Nit: I'd make this return false

>> Source/WebCore/platform/image-decoders/gif/GIFImageReader.cpp:784
>> +    if (m_frames.isEmpty() || m_frames.last()->isComplete())
> 
> This new method is to ensure we don't add a new frame if the current frame is not complete yet.

OK... I'm a little fuzzy on this, the two callsites look kind of like they unconditionally added a frame, but I'm not really sure.

>> Source/WebCore/platform/image-decoders/gif/GIFImageReader.h:279
>> +    bool isFirstFrame() const
> 
> Helper method to detect if the current frame is the first frame.

Maybe it should be named "decodingFirstFrame()"?  "currentFrameIsFirstFrame()"?

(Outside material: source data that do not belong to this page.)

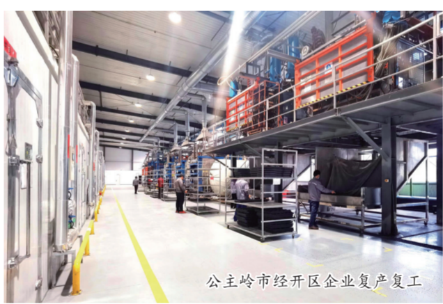
公主岭市经开区企业复工复产

助企纾困,成为公主岭复工复产的必答题。想企业所想、急企业所急,帮企业所需,解企业所难,全市一盘棋。“没想到只用了一个小时就办理完了验收手续,给我行
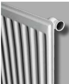
TYPE 10 / 11
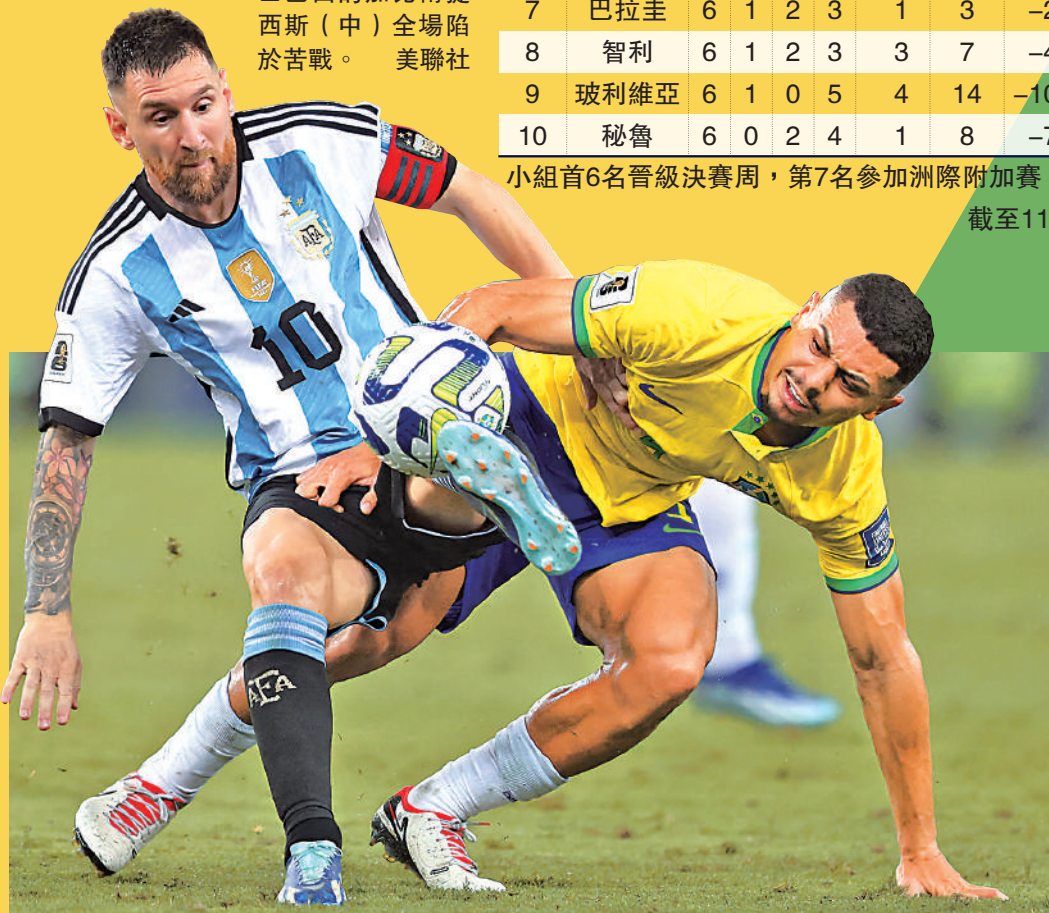
▲美斯（左）與巴西的安迪在比賽中鬥法。

> Source/WebKit/chromium/tests/GIFImageDecoderTest.cpp:178
> +    // There are two frames scanned because we have not encountered  a decoding

Nit: Extra space
Comment 7 Hin-Chung Lam 2013-03-12 01:18:21 PDT
Comment on attachment 192361 [details]
Patch

View in context: https://bugs.webkit.org/attachment.cgi?id=192361&action=review

>> Source/WebCore/ChangeLog:15
>> +        This change fixed the performance problem of decoding GIF files when
> 
> Nit: fixed -> fixes.  You might want to refer here to the existing description of the particular performance problem that you're removing from GIFImageDecoder::frameCount().

Done.

>> Source/WebCore/ChangeLog:24
>> +        implementaiton. However this algorithm does not perform any decoding
> 
> Nit: implementaiton -> implementation

Done.

>> Source/WebCore/ChangeLog:29
>> +        implementation look through all frame information saved and decode
> 
> Nit: look -> looks, decode -> decodes

Done.

>> Source/WebCore/ChangeLog:32
>> +        Because of the separate of parse and decode, each frame can be decoded
> 
> Nit: separate of parse and decode -> separation of parsing and decoding

Done.

>> Source/WebCore/ChangeLog:33
>> +        separately. This paves the way to support seeking in GIF file.
> 
> Nit: file -> files

Done.

>> Source/WebCore/ChangeLog:38
>> +        Exhaustive testing is done locally with a corpus of 60k images.
> 
> Nit: is -> was

Done.

>> Source/WebCore/ChangeLog:43
>> +        other image viewers, e.g. Preview on Mac.
> 
> I'd be interested in knowing what kind of bustage, specifically, is decoded differently.

The difference here is because of this: New code adds a new GIFFrameContext for GIFControlExtension and GIFImageHeader and those two files stop right between these two states, result in an empty frame. Old code doesn't add a new frame for GIFControlExtension but only at GIFImageHeader.

To solve this difference I can check if image header is defined before counting as a new frame. However no matter I add a new frame for GIFControlExtension or GIFImageHeader, both will result in an empty frame if the file truncates before a LZW block appear. See the fix in setHeaderDefined() and imagesCount().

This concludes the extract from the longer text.